Трудно было придраться и к М. К. Азадовскому, почти дословно повторившему в статье «Сказки Арины Родионовны» (1938) мысли П. В. Анненкова: «Нельзя видеть в Арине Родионовне, — как это делают многие исследователи, — воплощение какой-то чуть ли не мистической силы, властно направившей Пушкина на новый путь. Неправильно видеть в ней основной и почти единственный источник и стимул фольклорных интересов Пушкина. Такие утверждения прежде всего необычайно снижают и обедняют смысл и значение пушкинского фольклоризма в целом, отрывая поэта от более сложных воздействий общественного порядка и вырывая его из общего процесса развития мировой литературы. А если бы не было Арины Родионовны, неужели в таком случае Пушкин прошёл бы мимо народных источников творчества или, может быть, он не сумел бы стать великим народным поэтом?»[57]
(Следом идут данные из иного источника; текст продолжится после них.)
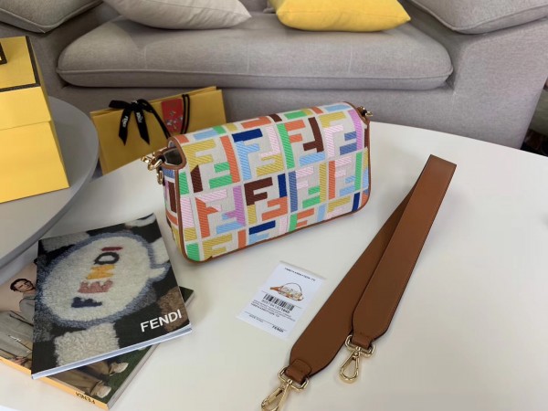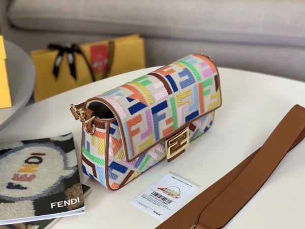 Iconic Baguette bag in medium size, with flap and FF fastening with magnetic clasp. Lining with zip pocket. Can be carried by hand or worn cross-body thanks to the handle and shoulder strap, both detachable. Made of beige canvas. Finished with FF motif embroidered in multicolour thread. Details in brown leather. Gold-finish metalware.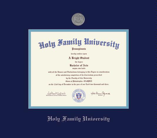 Holy Family University Diploma Frame with Medallion and Navy Blue and Sky Blue Double Mat and Silver Embossing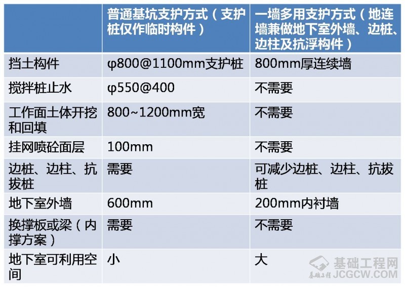 本项目的地下连续墙具有挡土、止水、地下室结构外墙、边柱、边桩基础和抗拔基础的综合作用,实现了一墙多用。
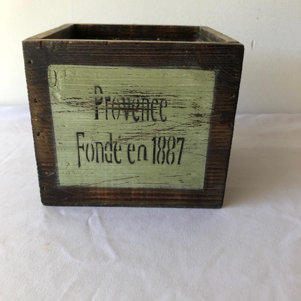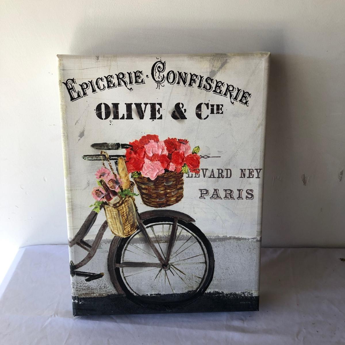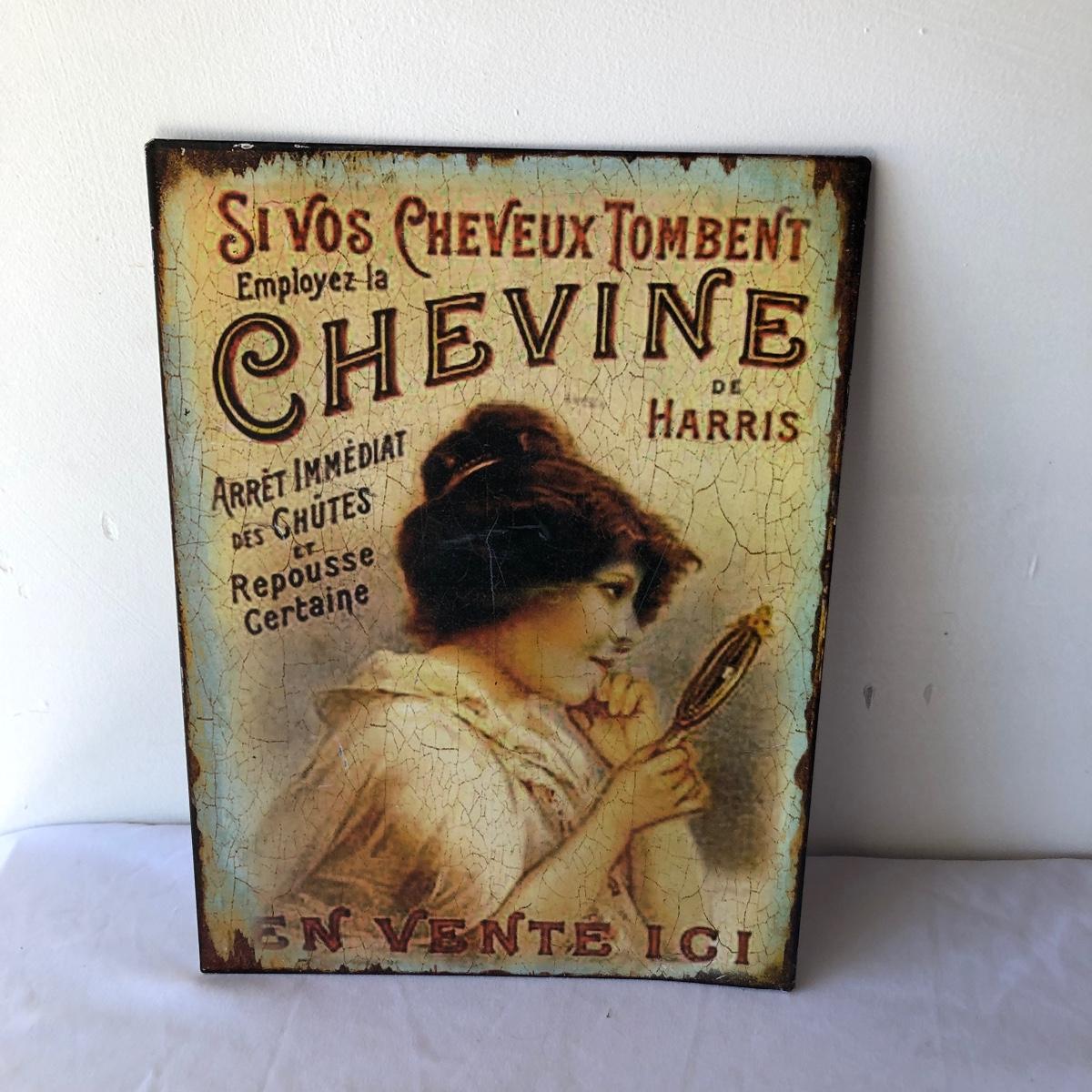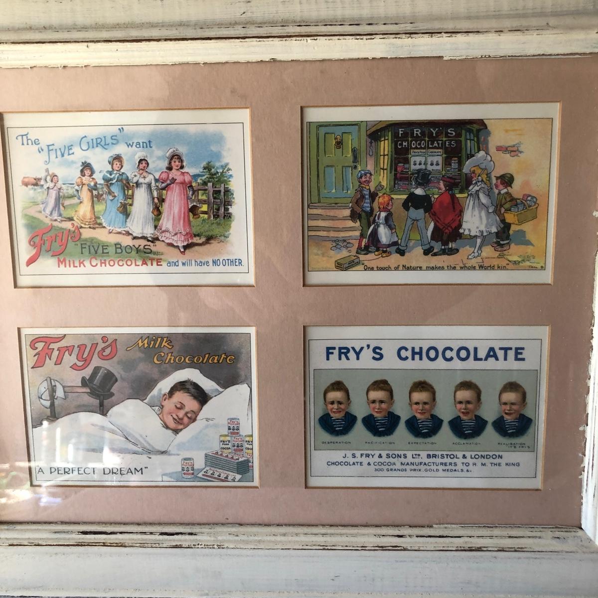 Lot includes a framed and matted Callard and Bowser artwork and framed and matted Fry’s artwork. Also, an Epicerie Confiserie print with texture, a metal Chevine sign, and a wooden plant pot. Frames measure 15.5” x 19”.

Применялись, впрочем, и более затейливые методы. Так, эссе В. С. Непомнящего «Мамушка» (или «Мама») в своё время вызвало не только озабоченность в кругах предрасположенной ко всяческим фобиям интеллигенции, но и самиздатовский пасквиль на пушкиниста (автором и распространителем текста был довольно известный московский литератор).

Эффективной формой умаления заслуг Арины Родионовны, отнюдь не всегда и далеко не всеми осознаваемой, была и стимуляция обывательского спроса на Наталью Николаевну Пушкину — как на главную (или роковую) женщину в жизни поэта. Порождённые ажиотажным спросом сочинения о жене Пушкина — иногда искренние, чаще лукавые, почти всегда малопристойные — приходились по вкусу невзыскательной публике, а заодно они теснили «пресные» сюжеты о крепостной старушке на историографическую периферию.

Долго хранил молчание, но в конце концов всё-таки молвил своё веское слово об Арине Родионовне и Владимир Набоков, для которого в послевоенные («лолитные») годы сами понятия «национальный поэт» или «поэт народный» звучали как нонсенс. В юности Владимир Владимирович (тогда ещё тосковавший по России В. Сирин) писал сентиментальные стихи о ждущей Пушкина няне и её «верной душе»[58]. Став же литературным олимпийцем и транснациональным мэтром, Набоков (вернее, уже Nabokow или, в иной транскрипции, Nabokov) и трактовал «мамушку» (равно как и полемику вокруг Арины Родионовны) по-олимпийски: свысока и космополитично.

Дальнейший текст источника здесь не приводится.